Neoplastic disease

  1. What is the first step in the evaluation of a pulmonary nodule?
    Review of previous imaging studies
  2. A pulmonary nodule that does not show enhancement on CT and/or PET scanning is likely, what?
  3. After smoking cessaton, what happens to the risk of lung cancer?
    After smoking cessation, the risk of lung cancer decreases for about 15 years and then it remains about twice that of a never-smoker.
  4. What are the three most important factors in the treatment and prognosis of lung cancer?
    • cell type
    • cancer stage
    • performance status of the patient.
  5. What is the treatment fo Stages I or II NSCLC?
    • Surgical resection whenever possible
    • If the postoperative predicted FEV1 and DLCO are greater than 40%, surgery is generally well tolerated.
  6. What is a cost effective procedure for preop staging of pts with known or suspected NSCLC?
    PET scanning (or integrated CT-PET) is cost effective for preoperative staging of patients with known or suspected non–small cell lung cancer
  7. In staging lung cancer, what is an accurate alternative to mediastinoscopy?
    Endoscopic ultrasound-guided needle aspiration through either the trachea or esophagus
  8. What is a solitary pulmonary nodule?
    A solitary pulmonary nodule is defined as a nodular opacity that is up to 3 cm in diameter and surrounded by normal lung and not associated with lymphadenopathy.
  9. What is the most important feature that increases the likelihood that a nodule is malignant?
    size of the nodule
  10. What autoantibodies point to paraneoplastic neurologic syndromes associated with lung cancer?
    • Paraneoplastic neurologic syndromes are thought to be immune-mediated based on the identification of various autoantibodies, most commonly antineuronal nuclear antibodies ANNA-1 (formerly anti-Hu), ANNA-2 (formerly anti-Ri), and ANNA-3. Purkinje cell cytoplasmic antibodies include PCA1 (formerly anti-Yo) and PCA2.
    • The finding of a paraneoplastic autoantibody in a patient presenting with a neurologic syndrome should expedite the evaluation for malignancy
  11. When is brachytherapy used in the treatment of lung cancer?

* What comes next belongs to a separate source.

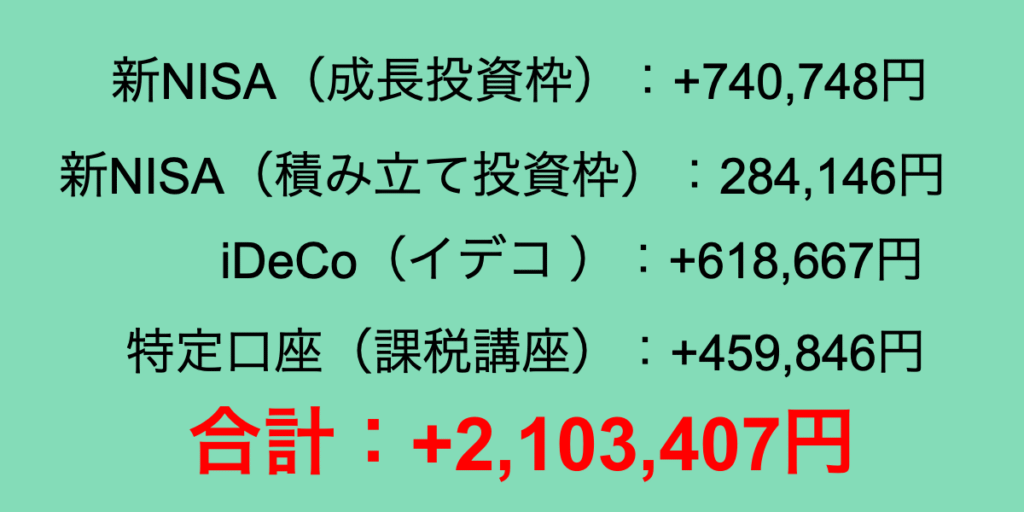 2025年10月の新NISA(ニーサ)、iDeCo(イデコ)、特定口座(課税口座)の含み益の総合計は+2,103,407円でした。先月より268,272円のプラスでした。

    Brachytherapy is the intraluminal application of radiation and is generally used in patients who have previously received maximal doses of external-beam radiation. Brachytherapy is appropriate for both intrinsic and extrinsic malignant airway obstruction when functioning lung may be maintained or regained by achieving airway patency. Response rates range from 30% to 80%, with success more likely in patients who had a favorable response to previous external-beam radiation. Hemorrhage or fistula formations are the most frequent complications
  12. What is the therapy of choice for bronchial carcinoid tumors?
    The 5-year survival rate for patients with atypical carcinoid tumors is approximately 60% to 70%, and, when feasible, surgery is the therapy of choice.
  13. What is the usual approach to metastatic neoplasms to the lung?
    Depending on the size and location of the nodules, a diagnosis may be obtained by transthoracic needle aspiration or bronchoscopy. Surgical resection may be appropriate for a solitary pulmonary metastasis when evidence of other sites of metastatic disease have been excluded.
  14. What paraneoplastic processes are associated with thymomas?
    Thymoma is associated with various paraneoplastic effects, the most common being myasthenia gravis (Figure 12 ). Approximately 35% to 50% of patients with a thymoma have myasthenia gravis, and approximately 15% of patients with myasthenia gravis have a thymoma. Other paraneoplastic syndromes associated with thymoma include pure red cell aplasia and hypogammaglobulinemia.
  15. What are the possible etiology of masses in the anterior mediastinum?
    Thyroid (or parathyroid) tumors, Thymoma (or thymic carcinoma), Teratoma (or germ cell tumors), Thomas Hodgkin disease, and T-cell lymphoma.